Write out every entry, unchanged. Skip any picture.

Dataset records
━━━━━━━━━━━━━━━━

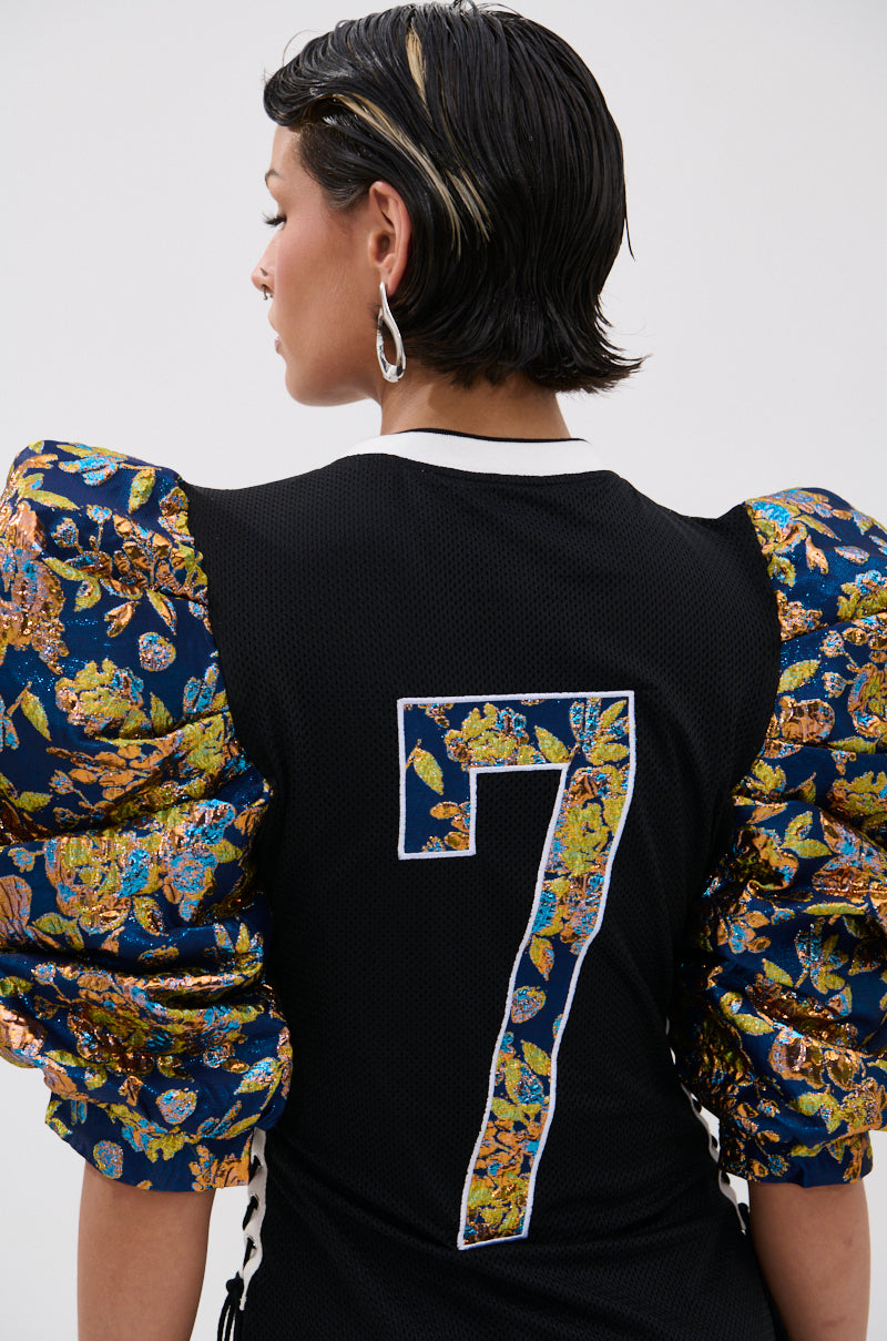 Stun court-side in The AKIRA Label Vibin’ On The Sidelines Jersey Mini Dress. The bodice of this hybrid mini is crafted from black athletic mesh, complete with contrast white trim at the crew neckline and lace-up sides for adjustable cinching. Voluminous puff sleeves are made from a metallic floral brocade in gold, blue, and green, matching the oversized appliqué “7” on both the front and back. The slim, tailored silhouette hugs the figure while the mixed materials add unexpected texture play. Style with knee-high boots and a coordinating clutch for a total slam-dunk.
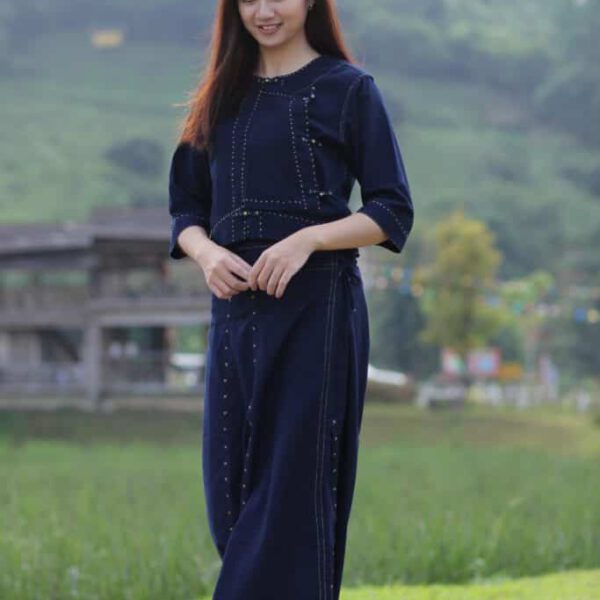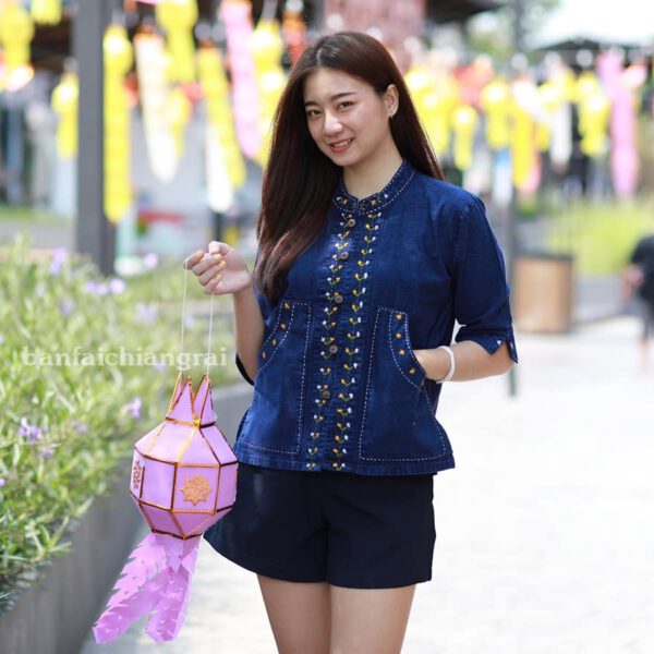 23007 เสื้อผ้าฝ้ายพื้นเมืองผู้หญิง แต่งแผ่นปักมือชาวเขา สีกรม
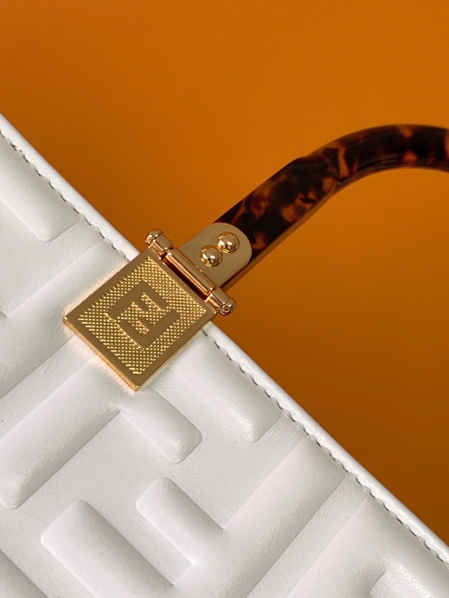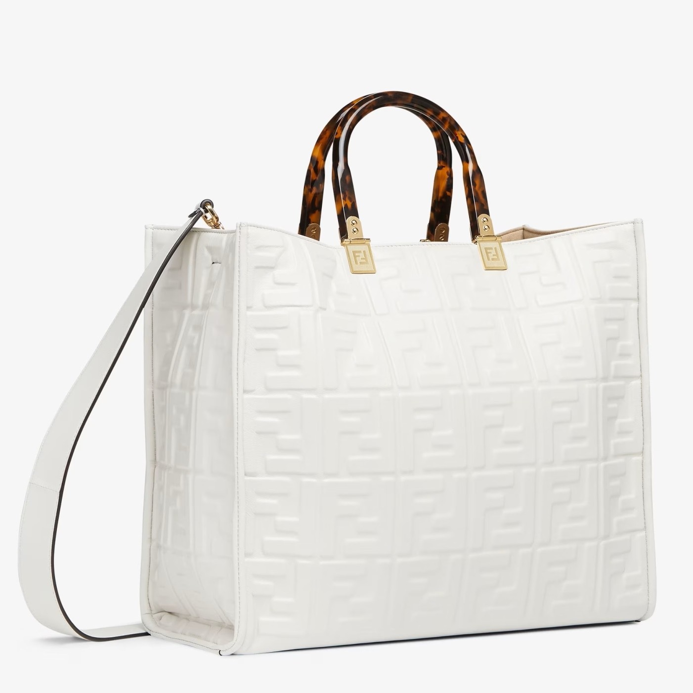 Medium Sunshine Shopper bag made of calf leather with raised 3D-texture FF motif and rigid tortoiseshell-effect plexiglass handles. Features a spacious lined internal compartment, edges in tone on tone leather, and gold-finish metalware. Can be carried by hand or worn on the shoulder thanks to the two handles and detachable shoulder strap.
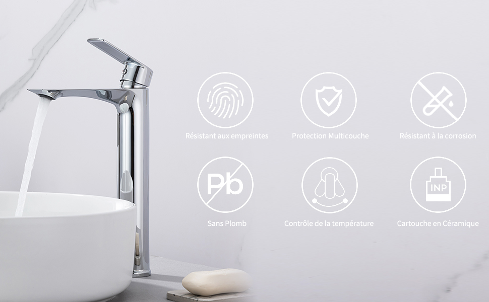 - La finition chromée rend le mitigeur lavabo résistant à la rouille et brillant comme un miroir.
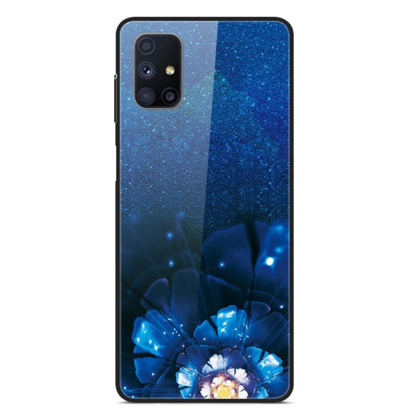 Deksel for Samsung Galaxy M51 Mørkeblå Fancy Blomster I Herdet Glass
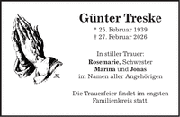 Günter Treske * 25. Februar 1939 + 27. Februar 2026 In stiller Trauer: Rosemarie, Schwester Marina und Jonas im Namen aller Angehörigen Die Trauerfeier findet im engsten Familienkreis statt.
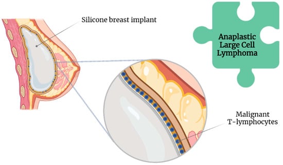 - Turner, S.D.; Inghirami, G.; Miranda, R.N.; Kadin, M.E. Cell of Origin and Immunologic Events in the Pathogenesis of Breast Implant–Associated Anaplastic Large-Cell Lymphoma. Am. J. Pathol. 2020, 190, 2–10. [Google Scholar] [CrossRef] [Green Version]
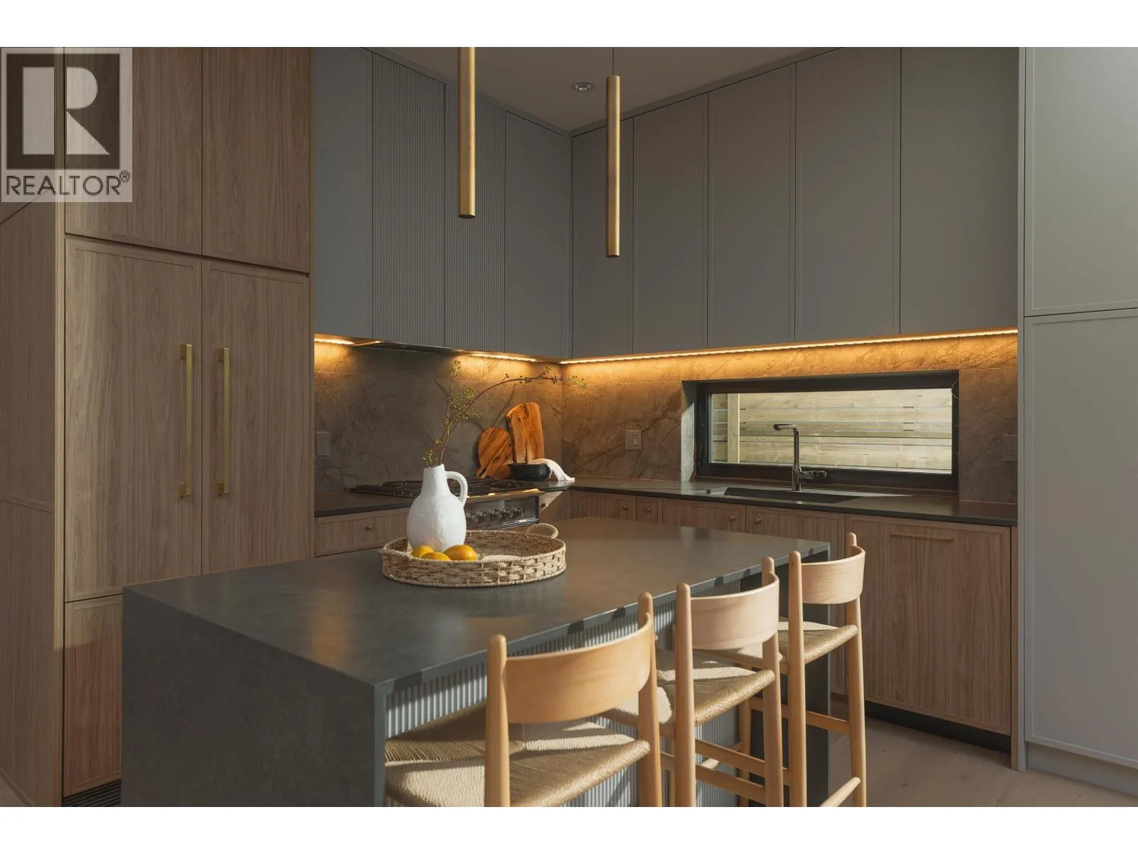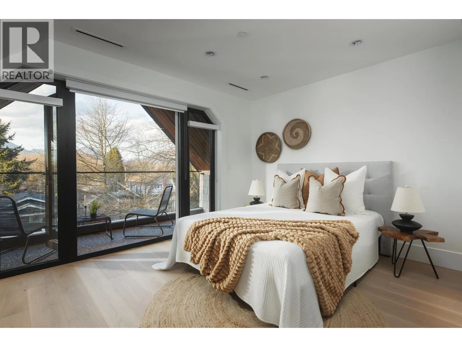 Some homes just check boxes. This one stays with you. Front unit on a quiet, tree-lined street in Hastings Sunrise. North-facing with views to Grouse and the Lions. 3 full size bedrooms each with its own ensuite – plus a powder room. A layout that feels considered, not forced. Professionally designed by Kenzi Design Studio with custom lighting,
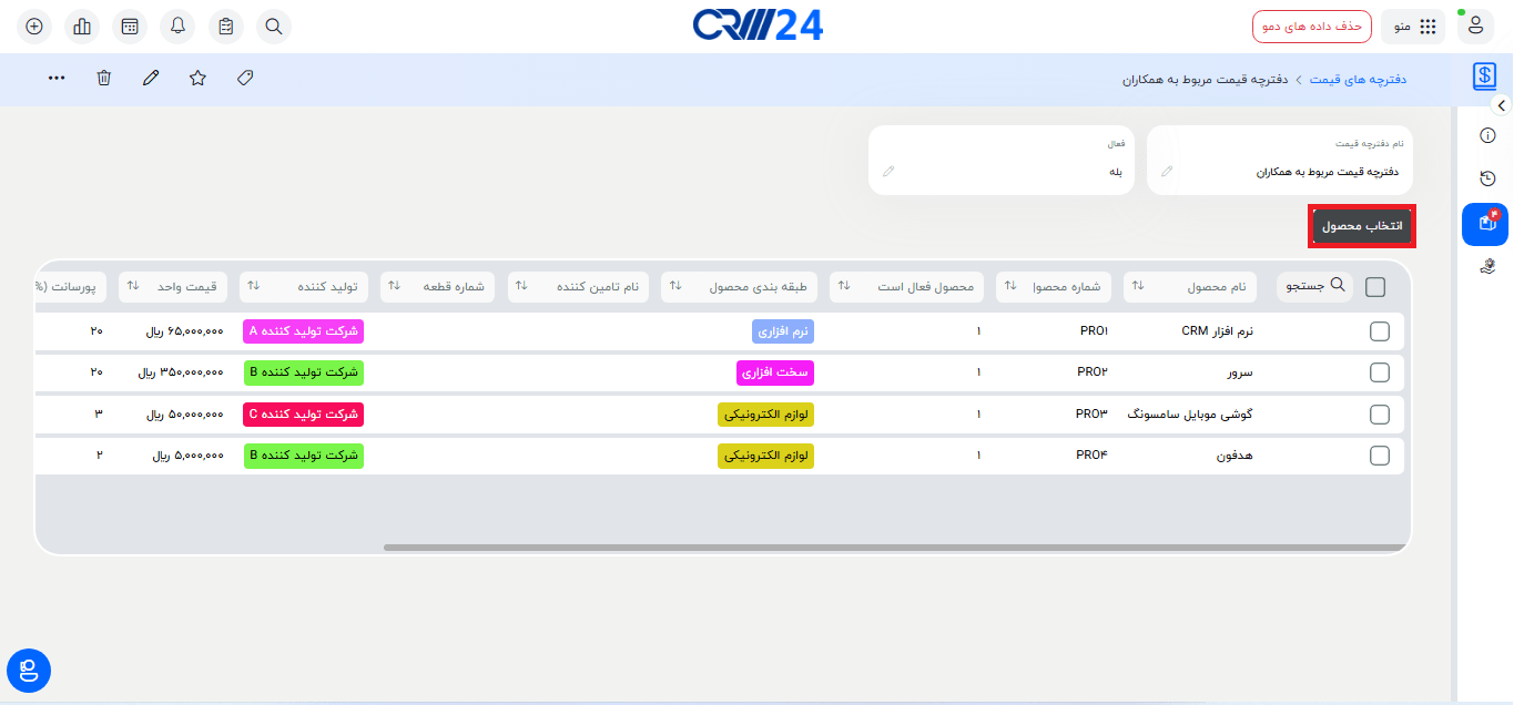مدیریت دفترچه‌های قیمت در نرم افزار crm24
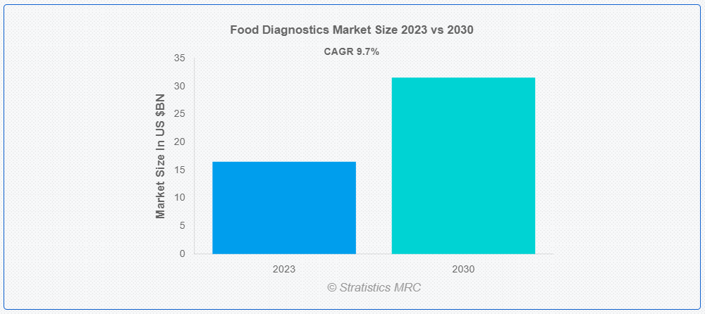 스트래티스틱스 MRC에 따르면 글로벌 식품 진단 시장은 2023년 165억 5천만 달러 규모이며, 예측 기간 동안 9.70%의 연평균 성장률로 2030년에는 315억 5천만 달러에 달할 것으로 예상됩니다. 식품의 안전과 품질을 보장하기 위해 식품 진단은 식품의 오염 물질, 병원균 및 기타 물질을 검출하고 분석하는 중요한 분야입니다. 연구원들은 DNA 분석, 크로마토그래피, 분광법과 같은 정교한 방법을 활용하여 알레르겐, 살충제, 박테리아, 독소 등 잠재적인 위험을 감지할 수 있습니다. 또한 신속하고 정확한 식품 진단은 식품 매개 감염을 예방하고, 법규를 준수하며, 일반 대중의 건강을 보호하는 데 필수적입니다.
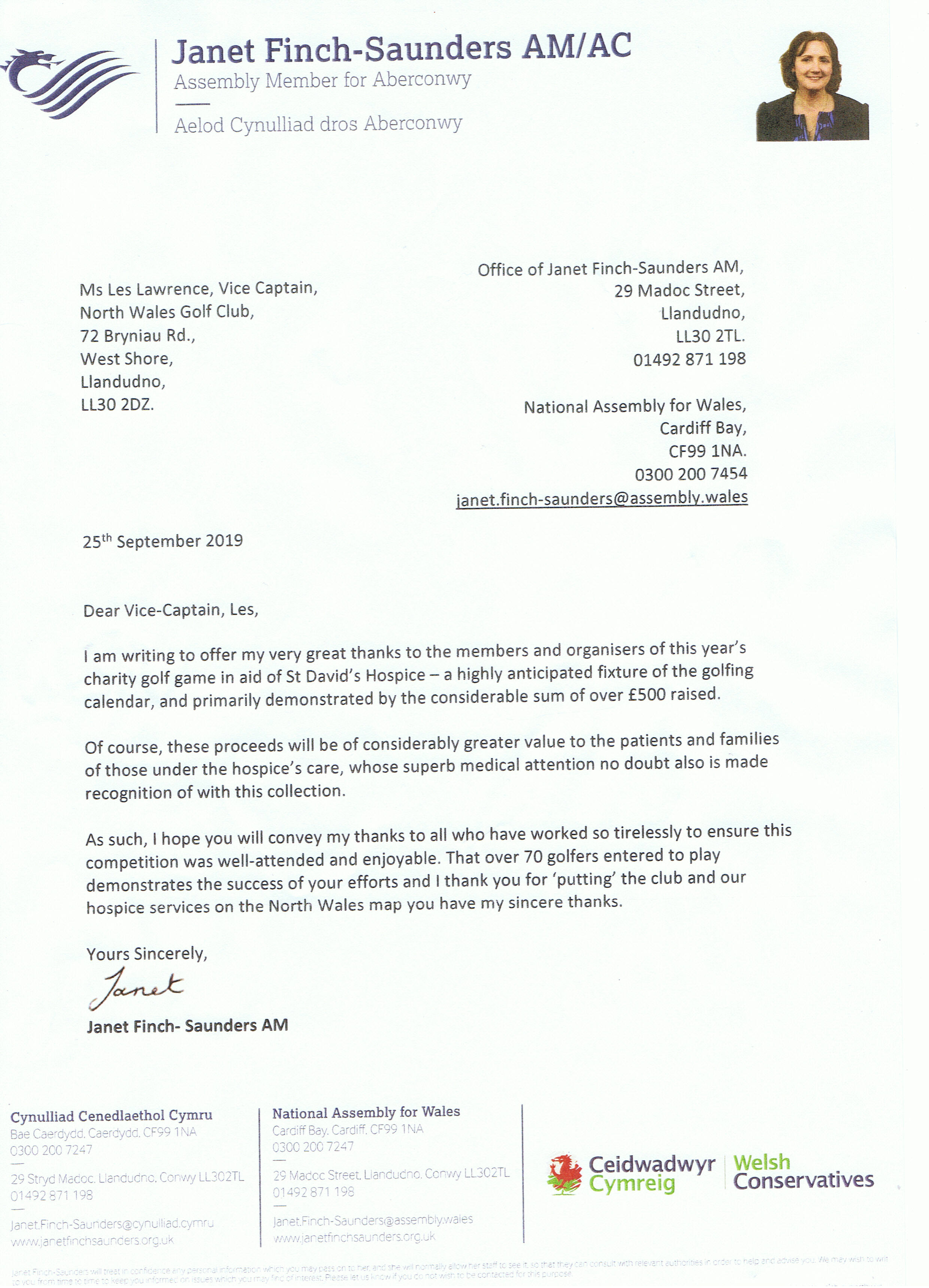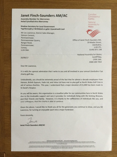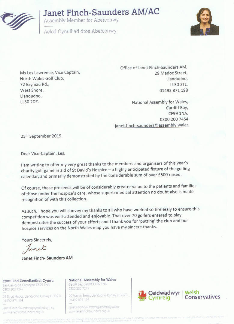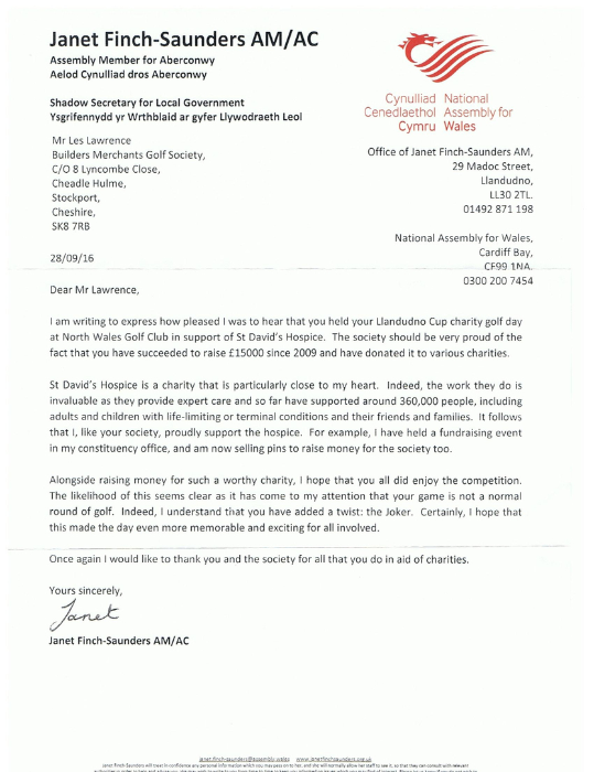 Welsh Assembly Letter - Llandudno Cup 2017 - BMGS Members involved in June 2017
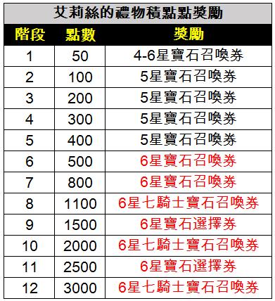 新的艾莉絲禮物獎勵(寶石)內容可參考下表 :
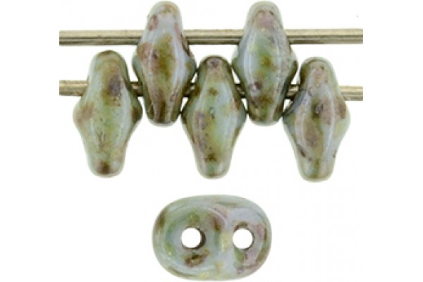 SuperDuo бусины, размер - 5х2мм, цвет - Luster - Green/Opaque White , номер цвета - LN03000, упаковка - 100гр
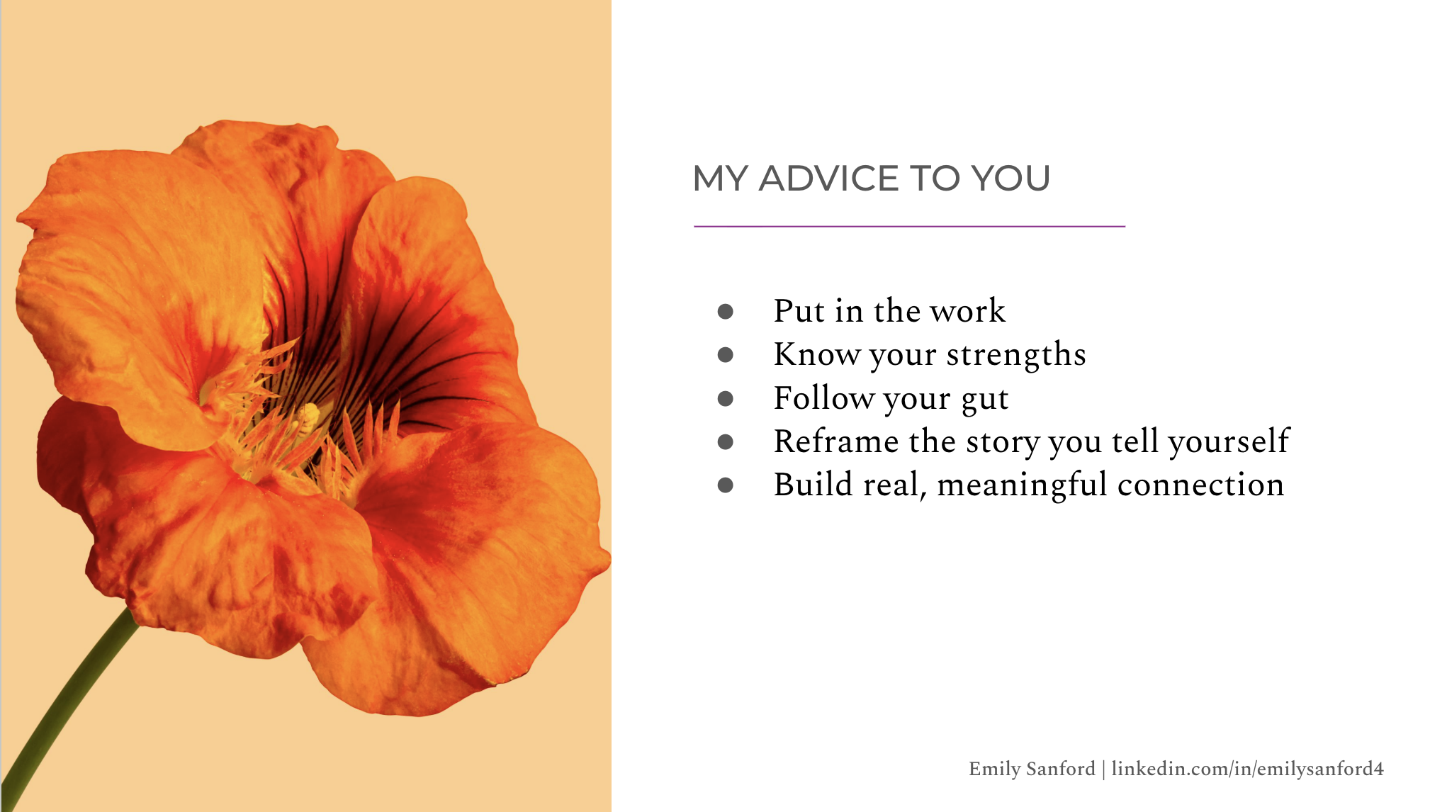 The five things I left them with — which, honestly, are the five things I'd tell my younger self:

━━━━━━━━━━━━━━━━

— EXERCISE OUTPUT —
 Stun court-side in The AKIRA Label Vibin’ On The Sidelines Jersey Mini Dress. The bodice of this hybrid mini is crafted from black athletic mesh, complete with contrast white trim at the crew neckline and lace-up sides for adjustable cinching. Voluminous puff sleeves are made from a metallic floral brocade in gold, blue, and green, matching the oversized appliqué “7” on both the front and back. The slim, tailored silhouette hugs the figure while the mixed materials add unexpected texture play. Style with knee-high boots and a coordinating clutch for a total slam-dunk.
 23007 เสื้อผ้าฝ้ายพื้นเมืองผู้หญิง แต่งแผ่นปักมือชาวเขา สีกรม
 Medium Sunshine Shopper bag made of calf leather with raised 3D-texture FF motif and rigid tortoiseshell-effect plexiglass handles. Features a spacious lined internal compartment, edges in tone on tone leather, and gold-finish metalware. Can be carried by hand or worn on the shoulder thanks to the two handles and detachable shoulder strap.
 - La finition chromée rend le mitigeur lavabo résistant à la rouille et brillant comme un miroir.
 Deksel for Samsung Galaxy M51 Mørkeblå Fancy Blomster I Herdet Glass
 Günter Treske * 25. Februar 1939 + 27. Februar 2026 In stiller Trauer: Rosemarie, Schwester Marina und Jonas im Namen aller Angehörigen Die Trauerfeier findet im engsten Familienkreis statt.
 - Turner, S.D.; Inghirami, G.; Miranda, R.N.; Kadin, M.E. Cell of Origin and Immunologic Events in the Pathogenesis of Breast Implant–Associated Anaplastic Large-Cell Lymphoma. Am. J. Pathol. 2020, 190, 2–10. [Google Scholar] [CrossRef] [Green Version]
 Some homes just check boxes. This one stays with you. Front unit on a quiet, tree-lined street in Hastings Sunrise. North-facing with views to Grouse and the Lions. 3 full size bedrooms each with its own ensuite – plus a powder room. A layout that feels considered, not forced. Professionally designed by Kenzi Design Studio with custom lighting,
مدیریت دفترچه‌های قیمت در نرم افزار crm24
 스트래티스틱스 MRC에 따르면 글로벌 식품 진단 시장은 2023년 165억 5천만 달러 규모이며, 예측 기간 동안 9.70%의 연평균 성장률로 2030년에는 315억 5천만 달러에 달할 것으로 예상됩니다. 식품의 안전과 품질을 보장하기 위해 식품 진단은 식품의 오염 물질, 병원균 및 기타 물질을 검출하고 분석하는 중요한 분야입니다. 연구원들은 DNA 분석, 크로마토그래피, 분광법과 같은 정교한 방법을 활용하여 알레르겐, 살충제, 박테리아, 독소 등 잠재적인 위험을 감지할 수 있습니다. 또한 신속하고 정확한 식품 진단은 식품 매개 감염을 예방하고, 법규를 준수하며, 일반 대중의 건강을 보호하는 데 필수적입니다.
 Welsh Assembly Letter - Llandudno Cup 2017 - BMGS Members involved in June 2017
 新的艾莉絲禮物獎勵(寶石)內容可參考下表 :
 SuperDuo бусины, размер - 5х2мм, цвет - Luster - Green/Opaque White , номер цвета - LN03000, упаковка - 100гр
 The five things I left them with — which, honestly, are the five things I'd tell my younger self:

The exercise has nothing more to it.